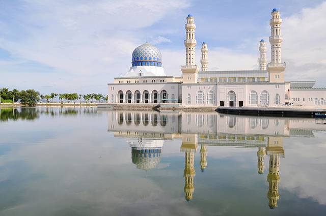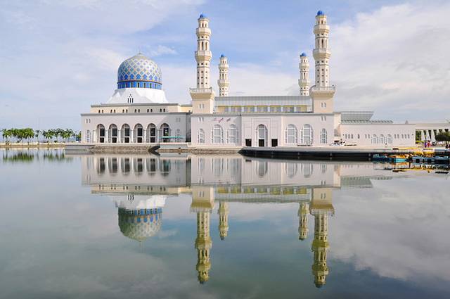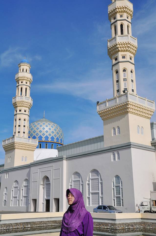 吃完饭原本想坐公交车去水上清真寺,问了一圈,无果~~于是,改打车(20马币),一路上沿海公路风光相当好~大概15分钟就到了,大门口可以拍到全景,当天没有风,艳阳高照,倒影无敌,惊艳!
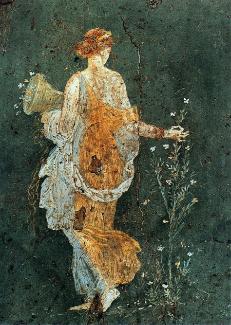 Флора, собирающая с рогом Изобилия, Помпеи — https://www.reddit.com/r/interestingasfuck/comments/spe50g/flora_woman_picking_flowers_with_a_cornucopia_in/?tl=ru
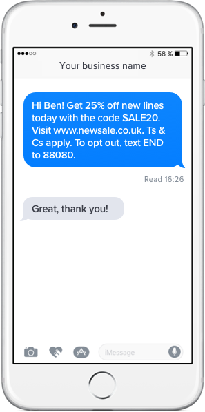 Send your contacts personalised messages about new products, events and sales. You can also add image and PDF attachments and create automated responses, saving you valuable time whilst improving your customer's experience.
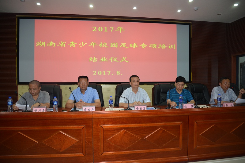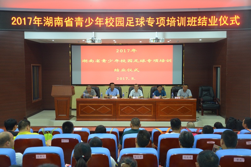2017年6月26日-7月6日,由湖南省青少年校园足球工作领导小组、省教育厅主办,我校承办的省青少年校园足球中小学骨干体育教师培训在我校举行,来自湖南省益阳、常德地区的80名中小学骨干教师参加了为期12天的培训。2017年7月6日上午9:00,培训班结业仪式在我校建规楼会议室举行。学校副校长雷存喜、教务处处长张伟、体育学院院长唐吉平、党总支书记熊兴吾、副院长刘鸥等出席仪式。仪式由体育学院党总支书记熊兴吾主持。
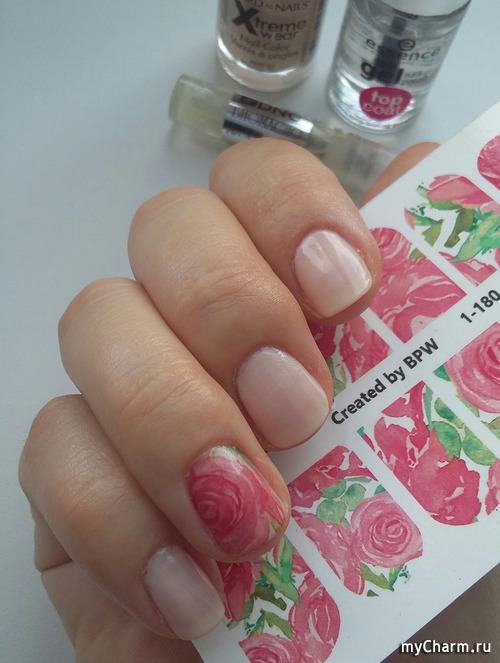 Затем на несколько секунд опускаю в теплую воду, отсоединяю пленку и прикладываю к ногтю. В принципе, все по инструкции ;). Слайдер скользит по ногтю, то есть выбрать поле покрытия ногтей пленкой очень просто. Через некоторое время слайдер подсыхает и фиксируется. Излишки я убирала апельсиновой палочкой. Последний штрих - нанесение топа.
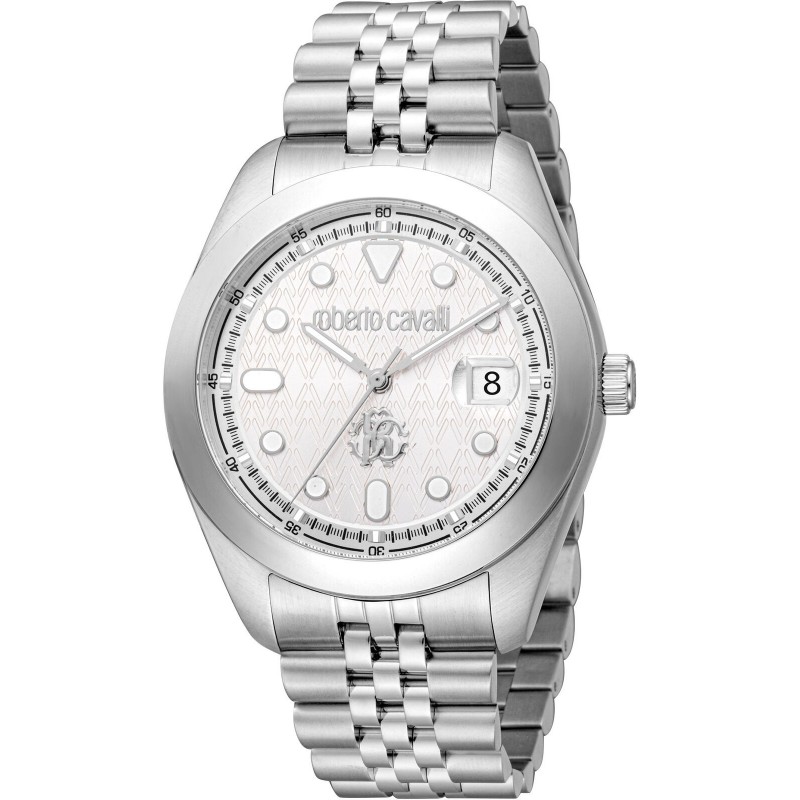 Montre-bracelet pour homme Roberto Cavali à mouvement quartz, affichage de l'heure et de la date. Boîtier rond en acier inoxydable argenté, 41 mm de diamètre et 10 mm d'épaisseur. Cadran analogique argenté avec index géométriques, guichet de date à 3 heures, logo sur le dessus, verre minéral. Bracelet Jubilee en maille milanaise argentée avec boucle déployante à bouton-poussoir, étanche à 10 ATM.
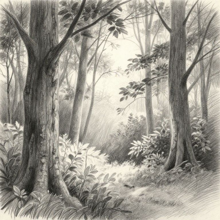 Drawing photo reference depicting a serene forest scene with detailed textures of tree bark and leaves, soft sunlight filtering through branches, realistic shading techniques to capture depth and atmosphere in pencil sketch style
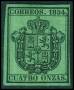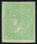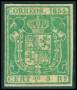 1854. 5 r. grøn uden lim forfalskning fra Album De Facimiles med officielle forfalskninger udgivet af Philatelist Unionen i Geneve i 1928 i et oplag på kun 500 stk.
◇ ◇ ◇ ◇
What to work on
Please restate the lines above exactly, starting at the first line of the data and stopping at the line containing "Drawing photo reference", which is included. Omit pictures.

Your solution
 吃完饭原本想坐公交车去水上清真寺,问了一圈,无果~~于是,改打车(20马币),一路上沿海公路风光相当好~大概15分钟就到了,大门口可以拍到全景,当天没有风,艳阳高照,倒影无敌,惊艳!
 Флора, собирающая с рогом Изобилия, Помпеи — https://www.reddit.com/r/interestingasfuck/comments/spe50g/flora_woman_picking_flowers_with_a_cornucopia_in/?tl=ru
 Send your contacts personalised messages about new products, events and sales. You can also add image and PDF attachments and create automated responses, saving you valuable time whilst improving your customer's experience.
2017年6月26日-7月6日,由湖南省青少年校园足球工作领导小组、省教育厅主办,我校承办的省青少年校园足球中小学骨干体育教师培训在我校举行,来自湖南省益阳、常德地区的80名中小学骨干教师参加了为期12天的培训。2017年7月6日上午9:00,培训班结业仪式在我校建规楼会议室举行。学校副校长雷存喜、教务处处长张伟、体育学院院长唐吉平、党总支书记熊兴吾、副院长刘鸥等出席仪式。仪式由体育学院党总支书记熊兴吾主持。
 Затем на несколько секунд опускаю в теплую воду, отсоединяю пленку и прикладываю к ногтю. В принципе, все по инструкции ;). Слайдер скользит по ногтю, то есть выбрать поле покрытия ногтей пленкой очень просто. Через некоторое время слайдер подсыхает и фиксируется. Излишки я убирала апельсиновой палочкой. Последний штрих - нанесение топа.
 Montre-bracelet pour homme Roberto Cavali à mouvement quartz, affichage de l'heure et de la date. Boîtier rond en acier inoxydable argenté, 41 mm de diamètre et 10 mm d'épaisseur. Cadran analogique argenté avec index géométriques, guichet de date à 3 heures, logo sur le dessus, verre minéral. Bracelet Jubilee en maille milanaise argentée avec boucle déployante à bouton-poussoir, étanche à 10 ATM.
 Drawing photo reference depicting a serene forest scene with detailed textures of tree bark and leaves, soft sunlight filtering through branches, realistic shading techniques to capture depth and atmosphere in pencil sketch style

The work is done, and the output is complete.